EPA's World Trade Center Cleanup Plan Criticized

Jan. 19, 2007
The final phase of EPA's plan to test homes and businesses in Lower Manhattan for 9/11-related contaminants is drawing criticism that workers have been left "out in the cold."

As part of EPA's Lower Manhattan Test and Clean Program, residents and building owners or their authorized representative in Lower Manhattan have until March 30 to register to have the air and dust in their units tested for contaminants – such as asbestos, fiberglass, lead and polycyclic aromatic hydrocarbons – associated with dust from the collapse of the World Trade Center. The agency said that priority testing will be based on a property's proximity to the World Trade Center site.

While the announcement of the final phase could go a long way to allay the fears of residents and commercial space owners, lawmakers and labor organization voiced their distaste for the new EPA plan. Sen. Hillary Rodham Clinton, D-N.Y., asserted that the program falls "short and would leave many New Yorkers out in the cold."

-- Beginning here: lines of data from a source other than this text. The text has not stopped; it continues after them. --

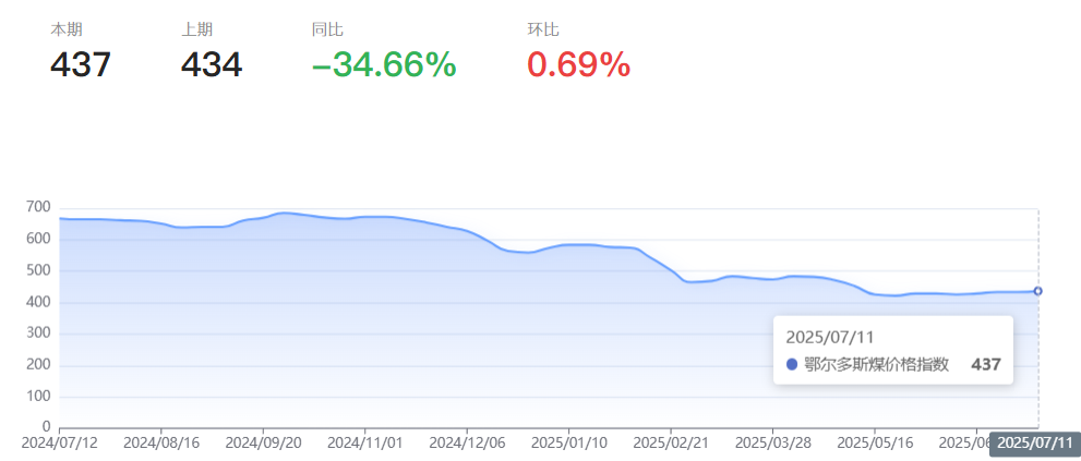 本报告周期(2025年7月5日--2025年7月11日,下同),鄂尔多斯煤价格指数报收437点,环比上涨3点,涨幅0.69%,同比下降34.66%。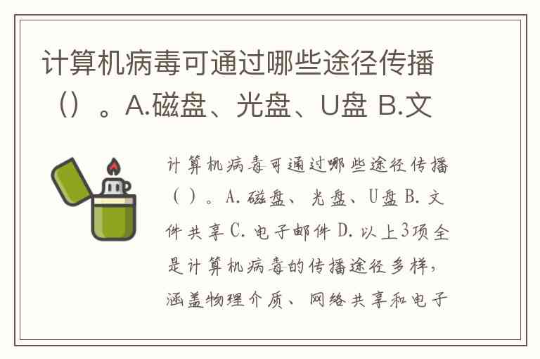 计算机病毒可通过哪些途径传播()。A.磁盘、光盘、U盘 B.文件共享 C.电子邮件 D.以上3项全是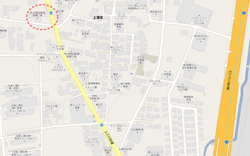 (左上の赤い点線のところが弊社車検工場です)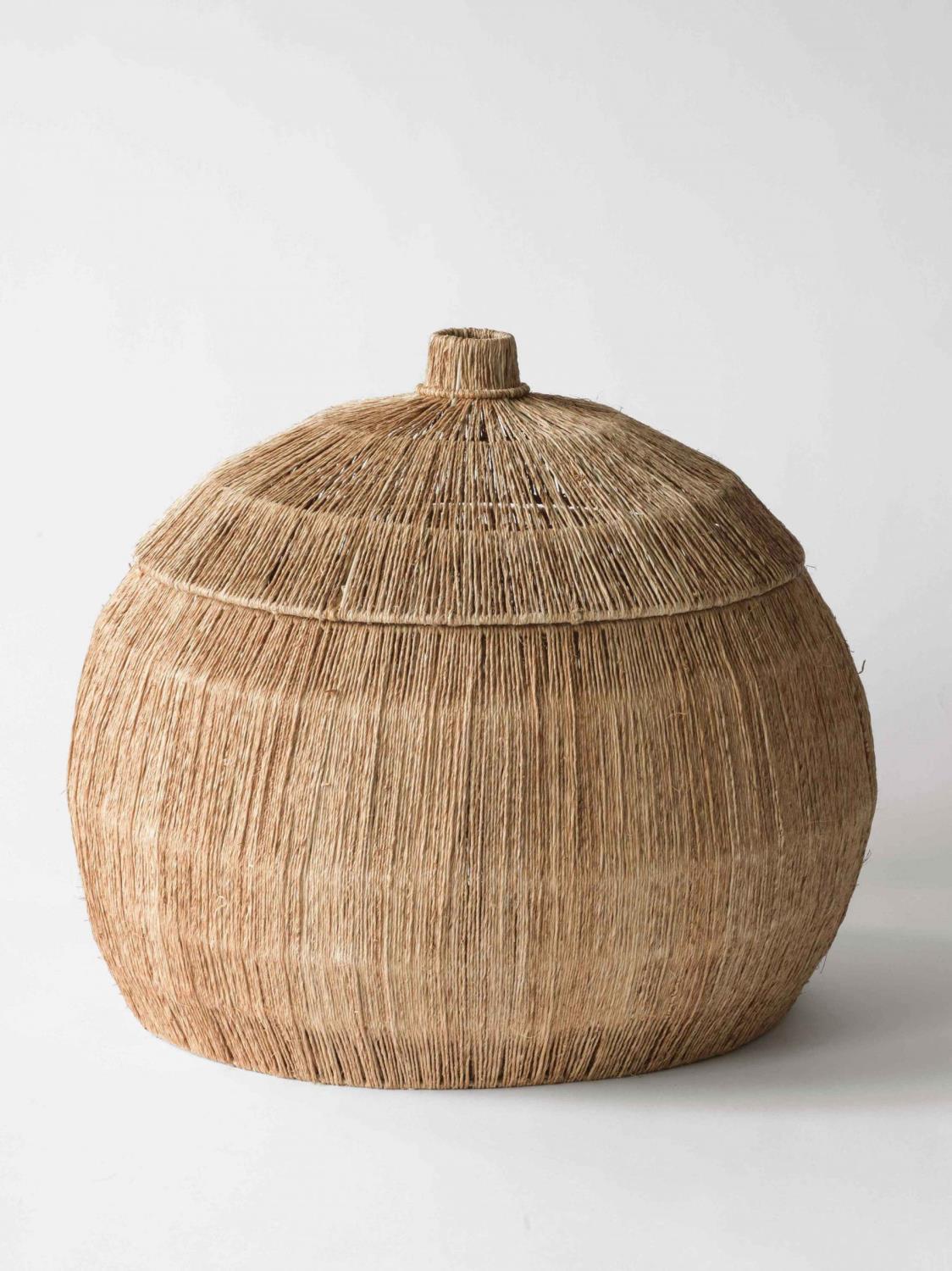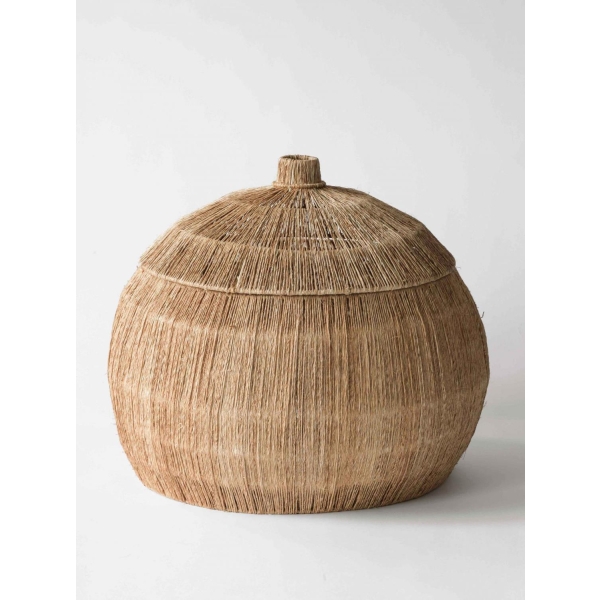 Håndlaget kurv med lokk. Kurven er laget av naturlig materiale jute som er flettet tett rundt en metallramme, med en base laget av rotting som gir kurven stabilitet. Perfekt å bruke som oppbevaring eller som et vakkert stilleben.

Joel Shufro, executive director of the New York Committee for Occupational Safety and Health (NYCOSH) and an ardent critic of EPA's handling of the 9/11 aftermath, said that the cleanup plan excludes approximately 1,500 commercial and institutional buildings in Lower Manhattan, including offices, schools, government buildings and a firehouse.

Shufro argued that "there is not a scintilla of evidence that workplaces are any less likely to be contaminated than residents."

"There is no scientific or legal basis for this exclusion," Shufro stated.

Among other deficiencies of the plan, according to NYCOSH:

  • The $7 million budget is a tiny fraction of the amount needed to properly test and clean all affected buildings.
  • EPA's refusal to test and clean supposedly inaccessible spaces will result in workers and others being exposed to WTC contaminants for many decades at the very least.
  • The plan fails to address the obvious contamination north of Canal Street and in areas of Brooklyn and New Jersey.

"The shortcomings of this plan are so enormous that its implementation will provide no public health or scientific benefit," Shufro explained. "Implementation of this plan is a disservice to anyone who lives, works, attends school or spends any appreciable periods of time in Lower Manhattan or in other areas that may have been affected by WTC contaminants."

EPA: Possibility of Contamination is Low

According to EPA, potential for exposure to dust that may remain from the collapse of the World Trade Center buildings is low, as the agency claims that the majority of occupied residential and commercial spaces have been cleaned several times since Sept. 11, 2001.

But if testing of dust and air samples in indoor spaces finds an elevated level of any of the four contaminants, EPA said, the contaminants will be cleaned up.